Doc McStuffins Get Better Talking Mobile Cart
$44.99 for ages 3-6
Doc McStuffins, the main character on her eponymous Disney show that ranks No. 1 among kids aged two to five, has become one of the most-wanted dolls in toy stores. She sold $500 million worth of merchandise sales last year, and her new Get Better Talking Mobile Cart will only boost those numbers this holiday season. Dottie 'Doc' McStuffins is a young, African-American girl who aspires to become a doctor—just like her mom—and treats her stuffed animals with ailments. (She has a stay-at-home dad.) Not only does she inspire girls and boys to science careers, but children of all races also love McStuffins, a rare trait on the toy market.
$39.99 for ages 4-7
Fitness trackers aren't just for adults anymore, as educational company LeapFrog is breaking into wearable tech. This year, it introduced the LeapBand, a watch that tracks kids' activity. Like the Tamagotchi of yesteryear, kids can choose a pet on their LeapBand to take care of. But here's the trick: Kids have to get moving in order to earn "joules" (get it?) to feed and care for their virtual friend. The pet suggests activities and challenges like "pop like popcorn" or "crawl like a crab." The tracker has been endorsed by soccer legend Mia Hamm and aims to help solve the childhood obesity problem.
$149.99 for children capable of handling an iOS device
These remote control cars boast artificial intelligence. Created by Carnegie Mellon scientists, the Anki Drive set includes a roll-out race track and the smartest cars you've ever seen. The AI-assisted cars can tell when a curve is coming on the track, if there's a car nearby and how to avoid collisions. The toy plays like a video game: Players can control the car's movements and even deploy weapons or put up shields using an iPhone or iPad app, competing against AI-controlled cars at three different levels or each other. If they're feeling lazy, players can also simply watch the cars race on their own.
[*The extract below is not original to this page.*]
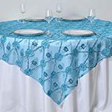 - Accent up your party tables with affordable 72″ x 72″ sequined flowers on lace table overlays and create a gorgeous display!

$19.99 - $49.99 for ages 4-13
Picking up the mantel from GoldieBlox, this engineering toy hopes to inspire girls to aspire to careers in STEM (science, technology, engineering and math). Studies show that girls begin to rule out engineering as a possible career path at as young as eight years old, one reason only 11% of engineers are women. Many researchers think that if there were more STEM toys for girls, they might see engineering or science as a viable career path. Created by two Stanford engineers, Roominate is a playhouse you can design, build and wire. Connect the motor and light circuits, and windmills will spin, lamps will light up and elevators will travel up and down. New Roominate toys for the holidays include a helicopter, a studio and a chateau.